Predicting sleep-disordered breathing in patients with cystic fibrosis

Study objectives: To examine predictors of sleep-disordered breathing in patients with cystic fibrosis (CF) and moderate-to-severe lung disease using a comprehensive evaluation of both sleep and daytime function. Design: Cross-sectional analysis of sleep studies, lung function, respiratory muscle strength, and evening and morning arterial blood gas measurements in patients with stable CF. A questionnaire addressing sleep quality was administered. Forward stepwise regression analysis was used to identify, the parameters that best predict sleep-related desaturation, hypercapnia, and respiratory, disturbance. Setting: Sleep investigation unit and lung function laboratory.
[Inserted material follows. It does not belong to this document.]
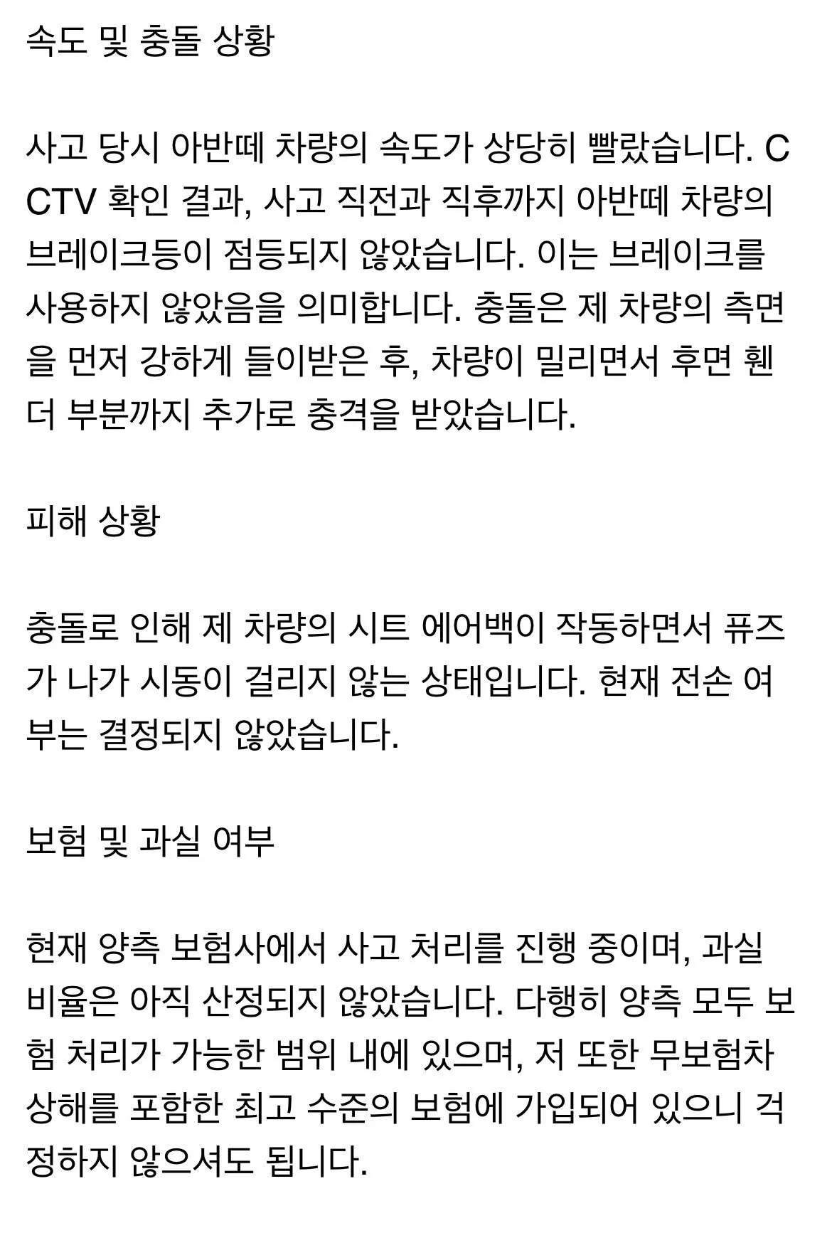 1. 사고 개요와 차주의 입장

Patients: Thirty-two patients with CF and FEV1 < 65% predicted, in stable clinical condition. Patients were aged 27 +/- 8 years (mean +/- 1 SD) with FEV1 of 36 +/- 10% predicted, evening Pao(2) of 68 +/- 8 mm Hg, and PaCO2 of 43 +/- 5 mm Hg. Results: Evening Pao(2) (p < 0.0001) and morning PaCO2 (p < 0.01) were predictive of the average minimum oxyhemoglobin saturation per 30-s epoch of sleep (r(2) = 0.74; p < 0.0001). Evening Pao(2) (p < 0.001) was predictive of the rise in transcutaneous carbon dioxide (TeCO2) seen from non-rapid eve movement (NREM) to rapid eye movement (REM) sleep (r(2) = 0.37; p < 0.001). In addition, there was some relationship between expiratory respiratory muscle strength and the REM respiratory disturbance index (r(2) = 0.22; p < 0.01). Conclusion: Evening Pao2 was found to contribute significantly to the ability to predict both sleep-related desaturation and the rise in TeCO2 from NREM sleep to REM sleep in thins subgroup of patients with CF.